What the exercise asks:
Write out, without any change, the lines in the material below that run from the line with "बागमती प्रदेश स्वास्थ्य" through the line with "クリスマスローズに囲まれた「", both included.

Data to use:
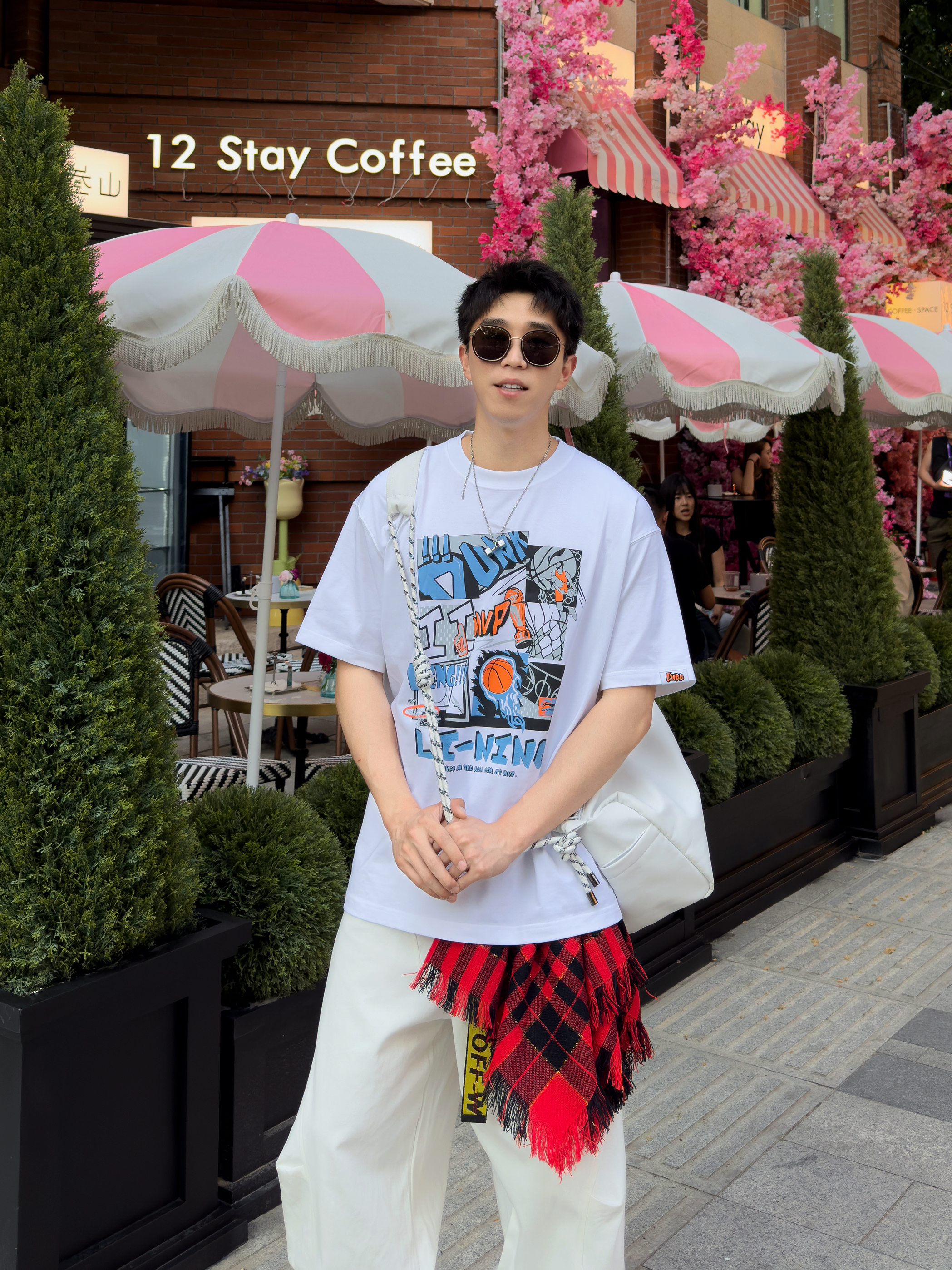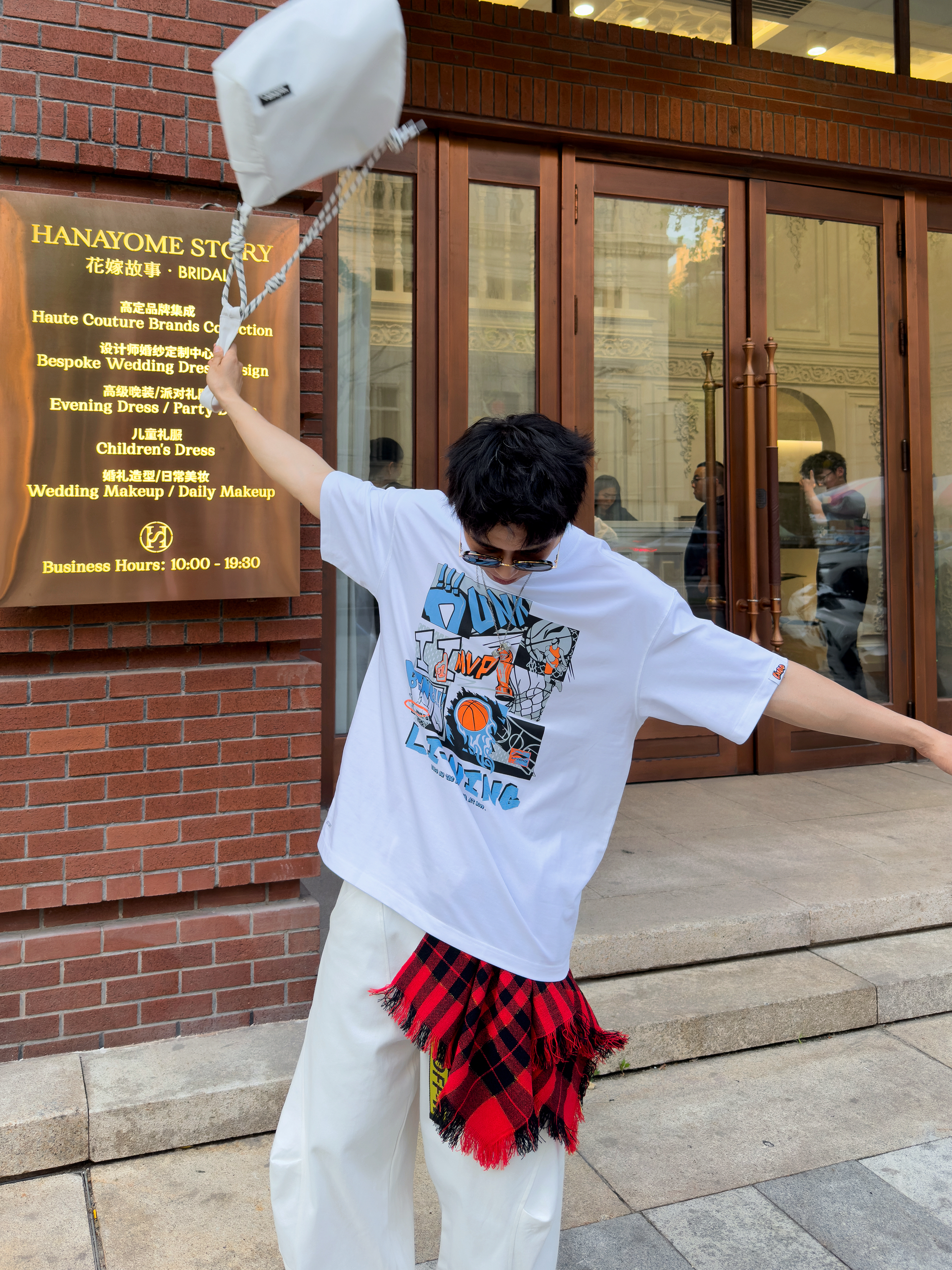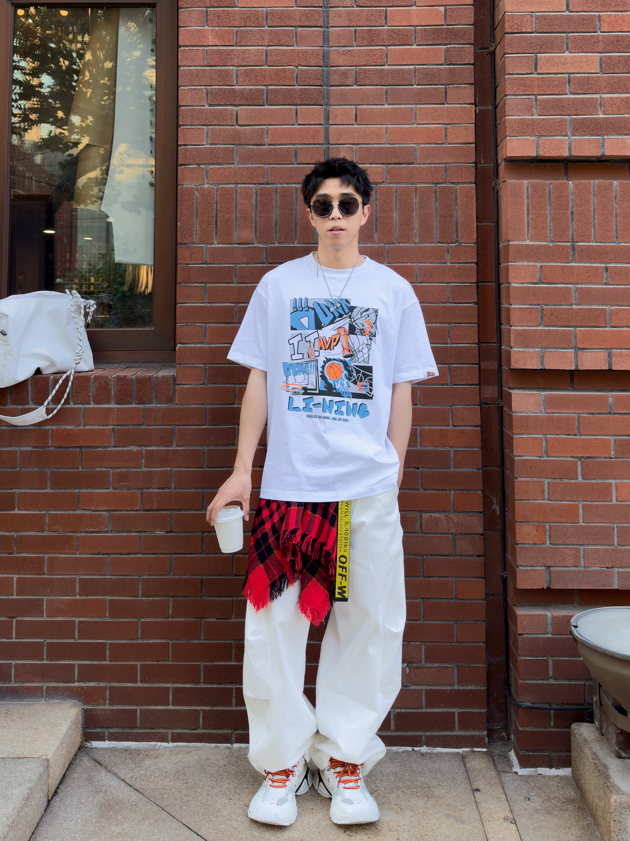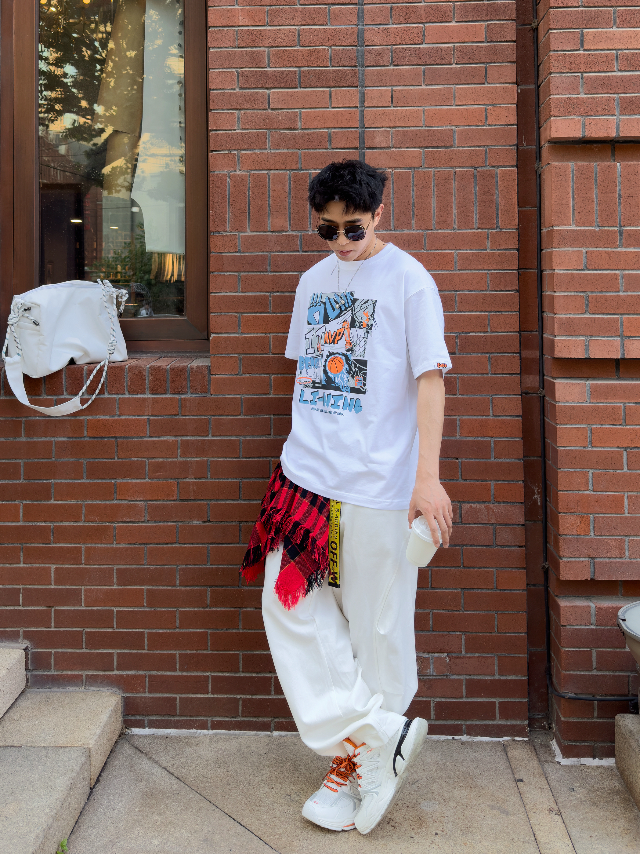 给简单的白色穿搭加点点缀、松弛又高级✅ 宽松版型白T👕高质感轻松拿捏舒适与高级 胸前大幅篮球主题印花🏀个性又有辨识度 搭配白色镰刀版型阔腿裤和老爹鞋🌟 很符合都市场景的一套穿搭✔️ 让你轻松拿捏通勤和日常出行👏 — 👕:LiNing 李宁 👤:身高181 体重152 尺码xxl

==

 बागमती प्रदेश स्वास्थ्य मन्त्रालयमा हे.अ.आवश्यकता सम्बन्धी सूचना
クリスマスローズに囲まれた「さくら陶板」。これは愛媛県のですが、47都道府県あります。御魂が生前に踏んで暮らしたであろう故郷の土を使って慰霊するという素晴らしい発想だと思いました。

Solution to this exercise:
 बागमती प्रदेश स्वास्थ्य मन्त्रालयमा हे.अ.आवश्यकता सम्बन्धी सूचना
クリスマスローズに囲まれた「さくら陶板」。これは愛媛県のですが、47都道府県あります。御魂が生前に踏んで暮らしたであろう故郷の土を使って慰霊するという素晴らしい発想だと思いました。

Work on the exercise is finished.